Description of the task - Only the stretch below from the line holding "CIUDAD DE MÉXICO, 22ABRIL2017.- Estudiantes" through the line holding "- 수요예측 결과: 총" should be restated, word for word and with both ends included; pictures stay out.
════════
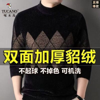 啄木鸟冬季加厚貂绒毛衣男中青年半高领宽松针织打底弹力保暖毛衣
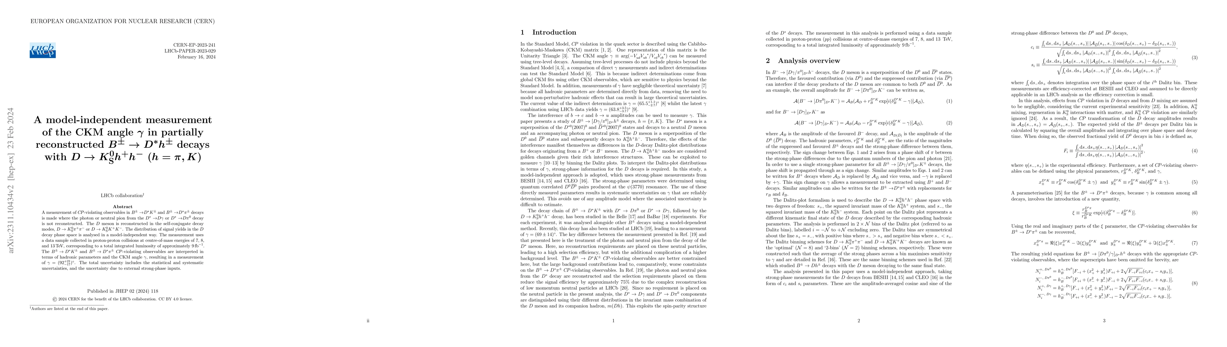 This paper presents a model-independent measurement of the CKM angle $\gamma$ using $B^{\pm} \to D^{*} h^{\pm}$ decays with partially reconstructed $D$ mesons. The study yields $\gamma = (92^{+21}_{-17})^{\circ}$ with a comprehensive analysis of the $C\!P$-violating observables.
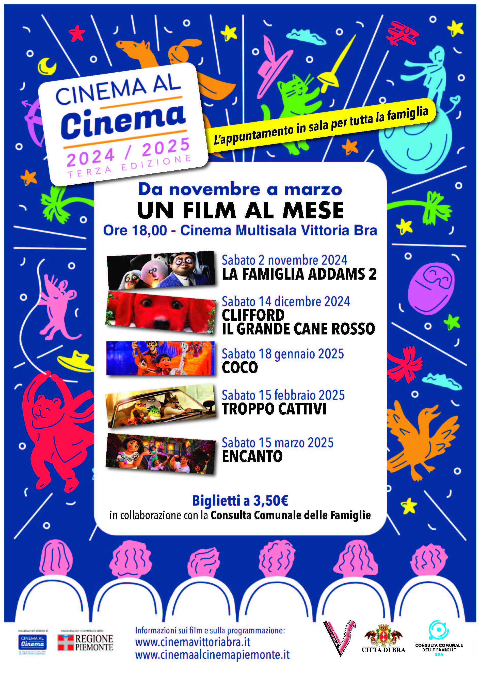 In calendario sono previsti cinque appuntamenti presso il Cinema Multisala Vittoria di via Cavour 20: sabato 2 novembre 2024 si proietta “La Famiglia Addams 2”, il 14 dicembre sarà la volta di “Clifford, il grande cane rosso”, sabato 18 gennaio 2025 protagonista del grande schermo sarà “Coco”, mentre il 15 febbraio tocca a “Troppo cattivi”, per concludere il 15 marzo con “Encanto”.
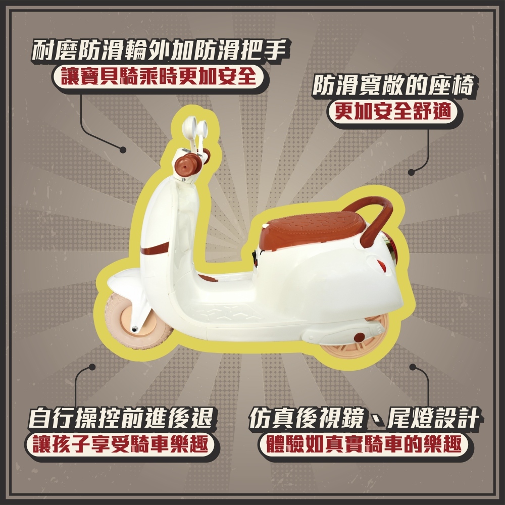 親親CCTOY 福利品~復刻達可 兒童電動摩托車 RT-618 白黃二色黃色(微刮傷)介意勿下單|白色(微刮傷)介意勿下單|黃色(箱損不在檢查內部)隨機出貨Sports & Outdoor PlayCCTOY 親親兒童玩具旗艦館
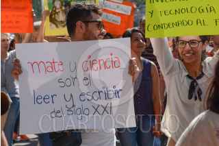 CIUDAD DE MÉXICO, 22ABRIL2017.- Estudiantes e investigadores de diversas universidades del país, principalmente del nivel de posgrado, participaron en la “Marcha por la ciencia” la cual se efectúa en más de 100 países. Desde el ángel de la independencia hasta el zócalo capitalino, se hizo un llamado al gobierno federal y a la sociedad para reconocer la importancia que requiere la inversión en la ciencia, para el desarrollo del país en diversos ámbitos. FOTO: MARIO JASSO /CUARTOSCURO.COM
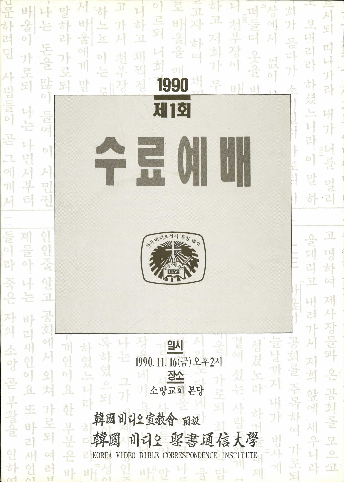 | 기록물명 | 제1회 수료예배 안내자료 | ||
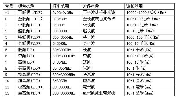 表1 無(wú) 線 電 頻 帶 和 波 段 命 名 表
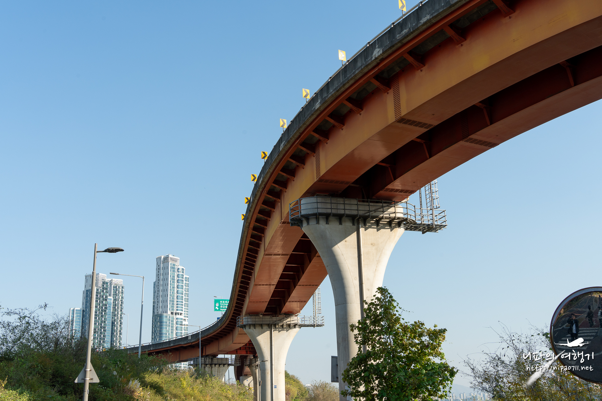 계획은 빨간색 처럼 한바퀴 돌아서, 저 보행전망교로 나오는 거였는데 (연결 안 되어 있으면 한바퀴 도는거고..)
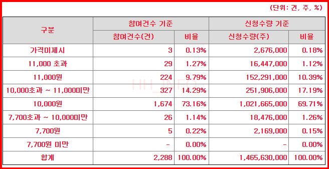 - 수요예측 결과: 총 참여 건수는 2,288건이며, 단순 경쟁률은 1,233.8:1입니다. 공모가 밴드는 6,200~7,700원이었으며, 확정공모가는 10,000원으로 정해졌습니다.
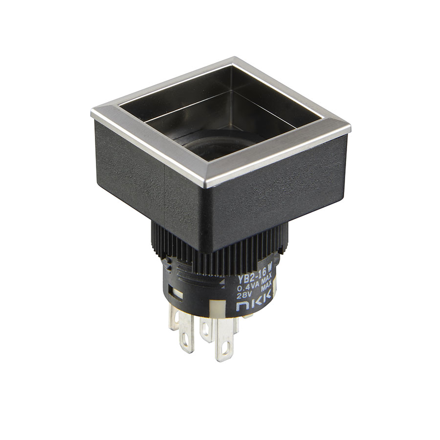 角形照光式押ボタンスイッチ(YB2シリーズ)・はんだ端子形(金メッキ接点):単極双投・機能動作:ロック形・操作部形状:角形・ねじ取付けタイプ・超高輝度対応・パネル前面高さ1.8MM・パネルシール防水・豊富な発光素子群・フラックス等の浸入をシャットアウト・文字/記号等の表示可能・フランジの色:ステンレス調・省スペース化に貢献・ロングストロークで軽快な操作感・はんだ/タブ兼用端子・操作部ボタン及び発光素子は別売り・使用温度範囲:-25~50℃・用途:通信機器/無線応用装置、電子計測器、オートメーション機器、事務用機器、民生用電子機器等・EU-RoHS指令対応 形名:YB2-16CWSPG4
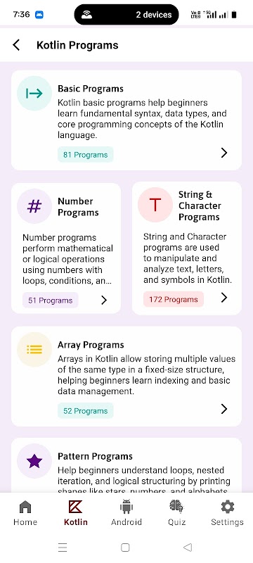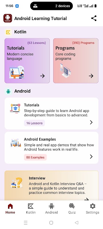 无论您是想学习 Android、Kotlin、练习 Android 示例、准备 Android 面试,还是探索 Kotlin 程序,这款应用都能满足您的所有需求。
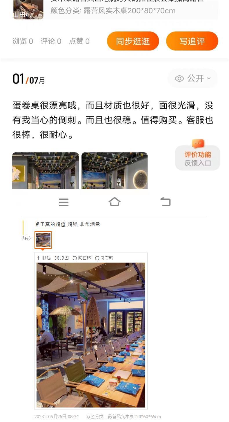 • 캠핑 스타일 원목 테이블 140*80*65cm
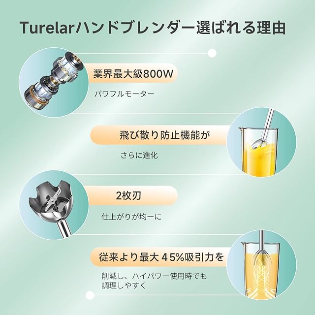 【安全性に優れた二重保護機能】お客様により安心してハンドブレンダーをお使いいただくために、機能だけでなく製品の安全性にも細心の注意を払っています。製品のモーターには、過熱保護と電流過負荷保護という二重安全保護機能が備わっており、高負荷によるモーターの温度上昇を検知して自動停止ですので、火災のリスクなど一切なし!
════════
Exercise solution -
 CIUDAD DE MÉXICO, 22ABRIL2017.- Estudiantes e investigadores de diversas universidades del país, principalmente del nivel de posgrado, participaron en la “Marcha por la ciencia” la cual se efectúa en más de 100 países. Desde el ángel de la independencia hasta el zócalo capitalino, se hizo un llamado al gobierno federal y a la sociedad para reconocer la importancia que requiere la inversión en la ciencia, para el desarrollo del país en diversos ámbitos. FOTO: MARIO JASSO /CUARTOSCURO.COM
 | 기록물명 | 제1회 수료예배 안내자료 | ||
 表1 無(wú) 線 電 頻 帶 和 波 段 命 名 表
 계획은 빨간색 처럼 한바퀴 돌아서, 저 보행전망교로 나오는 거였는데 (연결 안 되어 있으면 한바퀴 도는거고..)
 - 수요예측 결과: 총 참여 건수는 2,288건이며, 단순 경쟁률은 1,233.8:1입니다. 공모가 밴드는 6,200~7,700원이었으며, 확정공모가는 10,000원으로 정해졌습니다.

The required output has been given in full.